The last decade has seen multiple strategies for enhancing cell retention in the heart, such as magnetically targeted cell delivery 20 and delivering cells in injectable hydrogels 21. Our results support the notion that enhanced cell retention can translate into augmented therapeutic benefits. In addition, short‐term cell retention is an excellent indicator for long‐term engraftment and functional benefit 19, 20. However, these physical strategies cannot detour the ultimate requirement for engraftment, which is the biological bonding between cells and the native ECM. We proved that the ITB3‐FN adhesion axis plays an essential role in CS engraftment (Fig. 5). The two functional benefit indicators of CS treatment are the attenuation of heart remodelling (assessed by Masson's trichrome staining and heart morphometry) and protection of cardiac function (assessed by echocardiography). Consistent with our previous studies, CS treatment led to a protection of both heart morphology and function (Fig. 4). However, the ITB3‐blunted CSs failed to generate the same therapeutic outcome. A previous report identified that the integrin beta 1 expressions on cardiomyocytes are essential to the therapeutic benefits of cardiosphere‐derived cells 5. Our study provides additional insights that multiple integrin types pay important roles in stem cell‐mediated heart regeneration. It has also been reported before that the presence of cardiac stem cells correlates with the expression of fibronectin during cardiac development and after MI 22. Genetic conditional ablation of fibronectin reduces stem cell response. Also, attenuated angiomyogenesis is evident. The mechanism involves fibronectin‐mediated protection and promotion of proliferation of stem cells via integrin beta 1. As integrin β‐3 also binds to fibronectin, out study provides further evidence that integrin–fibronectin interaction is essential to stem cell‐mediated repair.

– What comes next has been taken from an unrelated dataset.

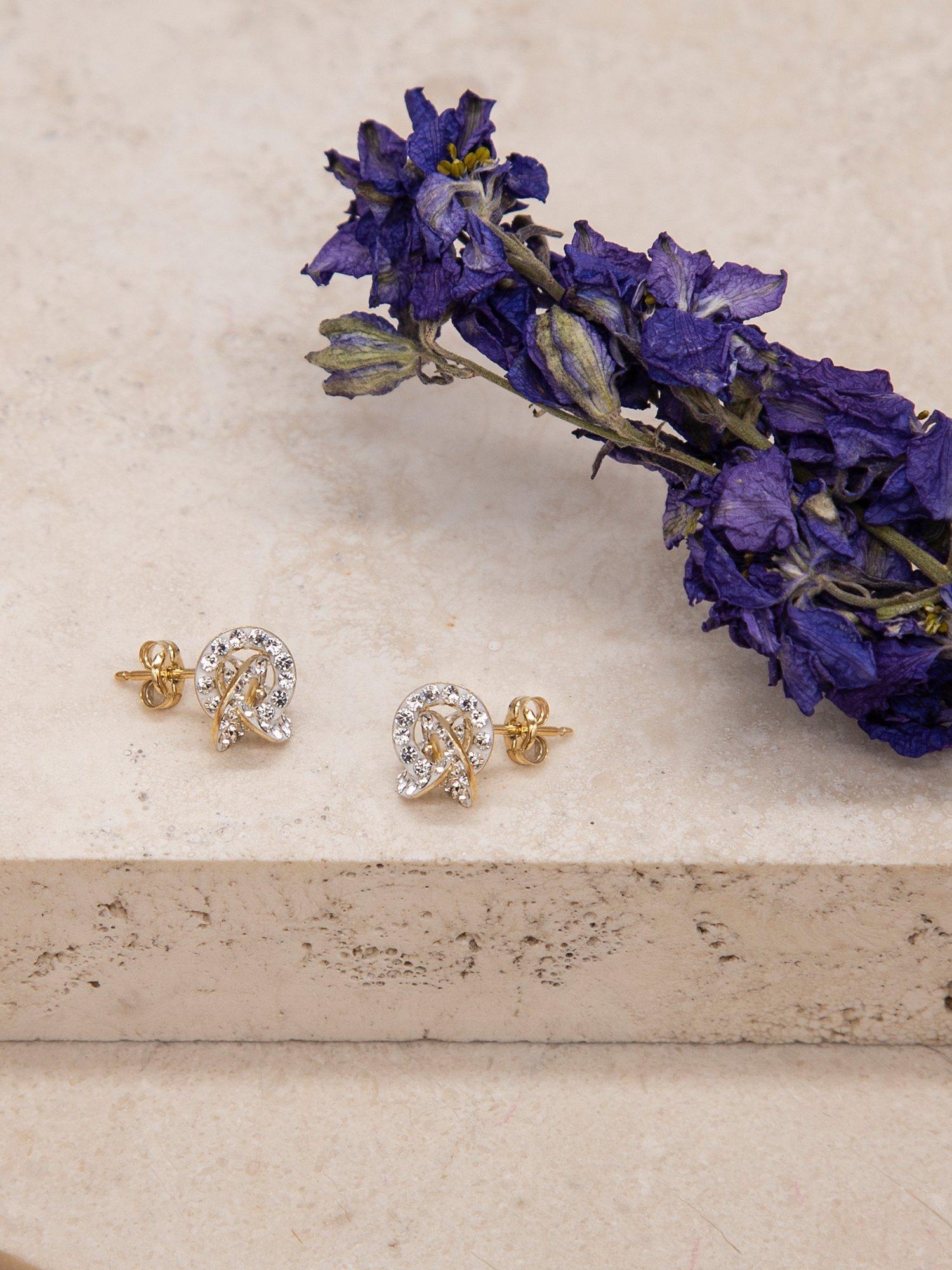 The pair comes in 9 karat yellow gold and boasts an intriguing knot design punctuated by clear round-cut cubic zirconia set. The traditional stud fittings make this piece highly- wearable and comfortable.

Mounting lines of evidence indicate that paracrine factors secreted by stem cells (including CSs) play an important role in cell‐mediated tissue regeneration 23, 24. These effects include but are not limited to: promotion of angiogenesis and cardiomyocyte proliferation and attenuation of apoptosis and fibrosis 25, 26, 27. Our hypothesis is that such mechanisms will not be seen in the ITB3‐blunted CS group as not sufficient cells were engrafted in the heart to drive such pathways. Our study also provided new evidence to support the notion that cell membranes and the adhesion molecules on then play essential roles in cell‐mediated tissue repair 28, 29.

Conclusion

Our study demonstrated that integrin β‐3 plays an important role in cardiosphere attachment to fibronectin in the heart and governs the latter's engraftment and therapeutic benefit. Future strategies can be developed to overall express such integrins on cardiospheres to augment the therapeutic benefit of stem cell treatment.

Conflict of interest

The authors declare no conflict of interest.